I don't understand the subtlety whereby in function_1 str is defined without the const stipulation but in functuion_2 it is.

Any insights will be most appreciated and thanking you in anticipation.

1. The cast stops the stream operator overload for chat * being called, which will always output the string and not the pointer value.

2. When arrays are passed by value to functions, they will always decay to a pointer, which points to the start of the array. That pointer doesn't have to be const, but it can be. Whether the data it points to is const or not depends how the data was initially defined. For example, passing a string literal means the pointer will be pointing to const data. Passing an array containing string data will not (unless originally declared const).

1)  char * is a pointer to a C string ending in null.
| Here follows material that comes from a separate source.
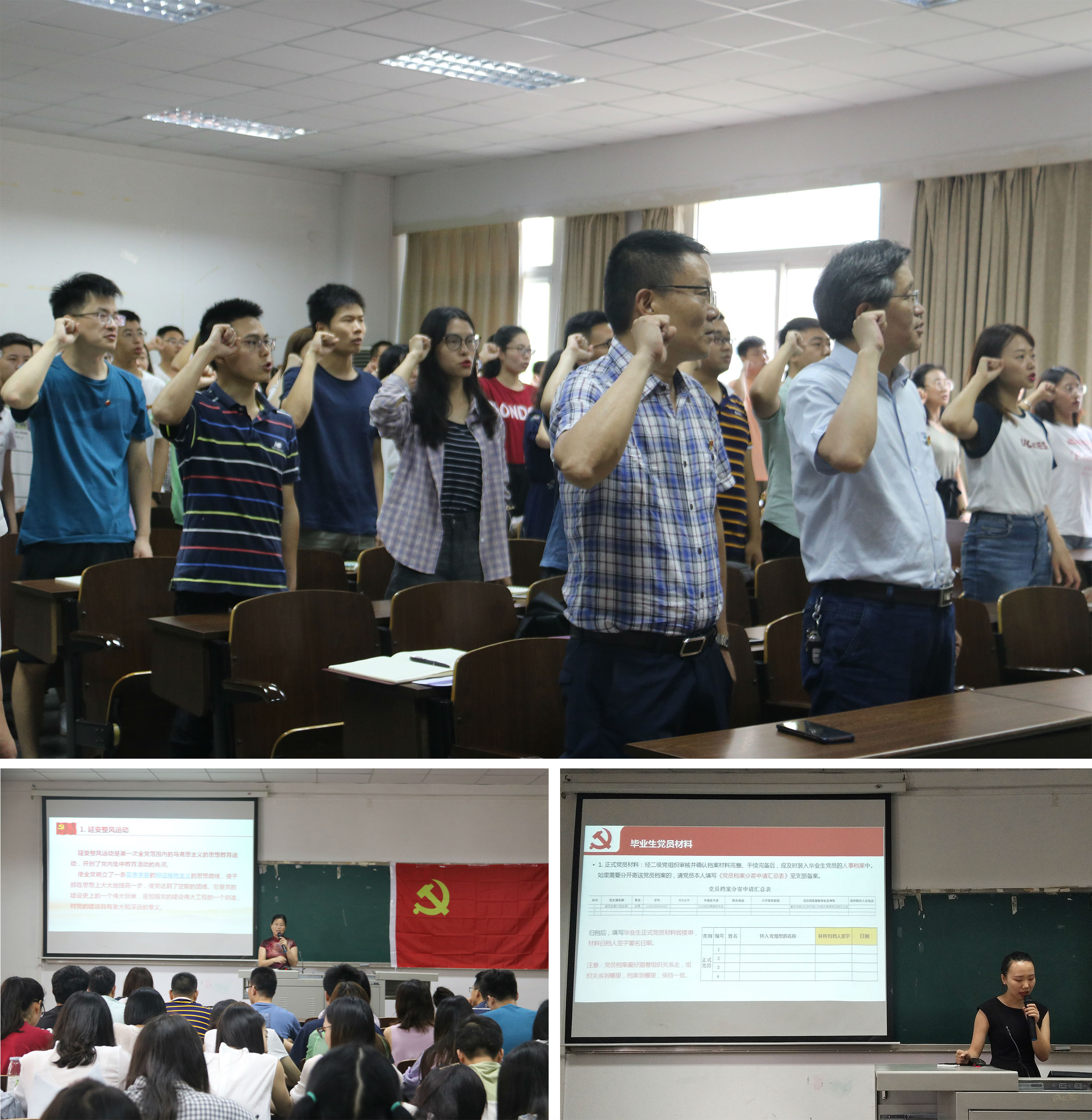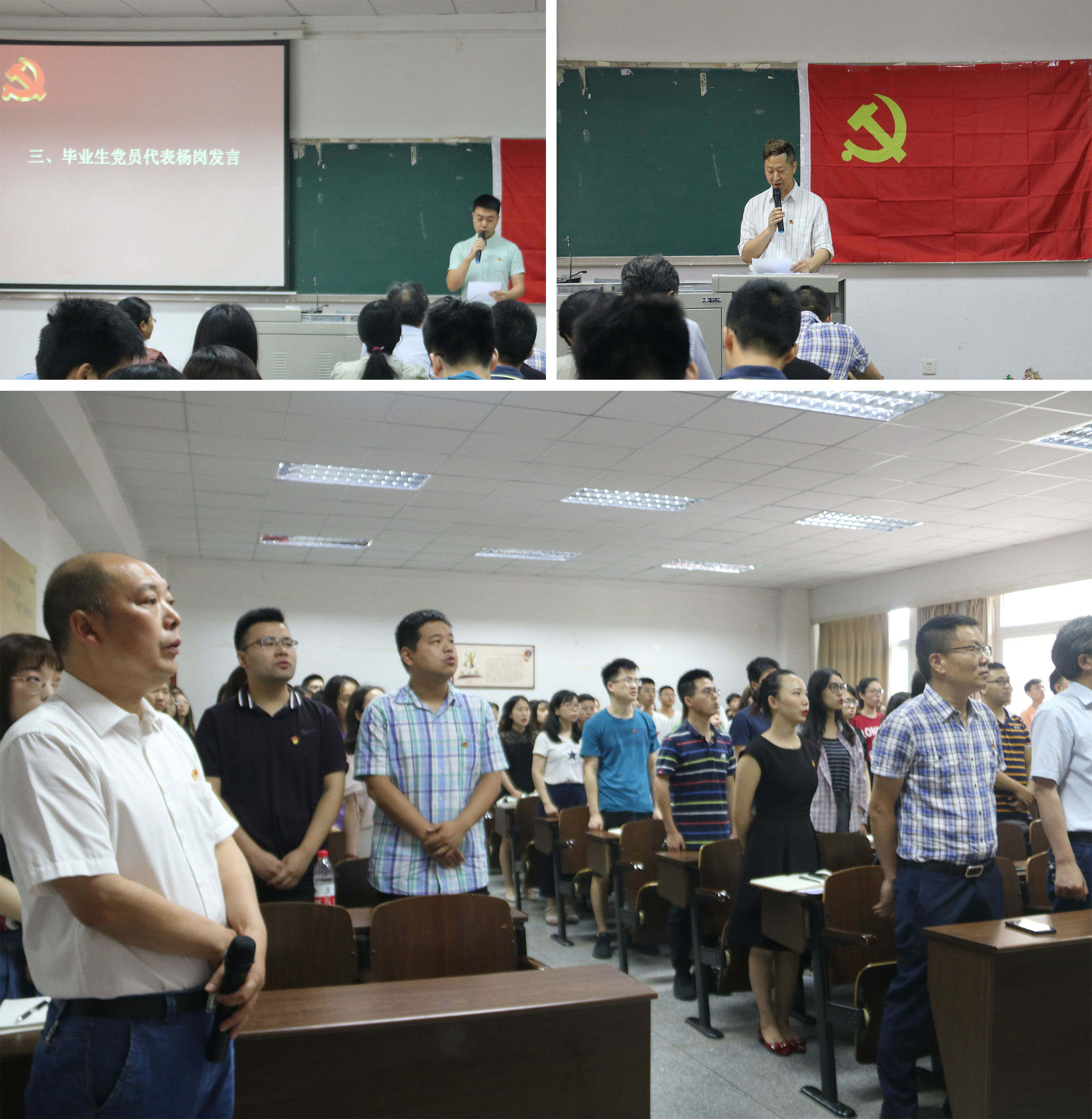 会议伊始,在唐荣发书记的带领下,全体党员齐唱国歌。歌毕,刘家琳老师带领大家重温入党誓词。随后,毕业生党员代表杨岗从思想品质、社会实践和学生工作等方面进行了总结发言,同时深切表达了对母校的不舍以及感谢。罗爱军老师以一首流沙河的诗作为贺礼,祝愿所有毕业生党员前程似锦。郑莉佳副书记从理论到实践为毕业生党员上了一节精彩的党课。她讲述了集体教育的历史、历程以及邮员王顺友的先进事例等方面内容,叮嘱毕业生党员在今后的生活及工作中“不忘初心,牢记使命”。在大会的最后阶段,张靖悦老师讲解了毕业生党组织关系转接相关注意事项并进行答疑。大会在全体党员嘹亮的国际歌歌声中缓缓落幕。

Therefore cout << prints the string itself.

void * is a pointer to a memory buffer of unknown type, therefore, cout << prints the value of the pointer since it does not know the type of object it points to

2) In C ++ if function 2 expects a constant string pointer as a parameter, then function 1 cannot pass a pointer to a non-constant string because it will give compilation error, unless cast the type in the call: function2((const  char*)str).

Thank you everyone for your advice.  I understand 1) - the casting OK now.  Re 2) if I change any of the function receiving parameters by either adding or removing a 'const' I get compile errors so I will leave well enough alone with a better understanding of the mechanism, but to be honest not a complete in-depth understanding.  But that's OK.  I will leave it as 'solved' and thanks again.

All of the experts were helpful so thank you again!

Just out of curiosity, why did you discard my solution?

I did not discard it - that is the one I used - why did you think that I discarded it?

Because you chose another solution.

Evilrix solution

Sorry, that is because I did not understand exactly how this 'solution' system works.  I just chose your solution - does that mess things up?  Hope not!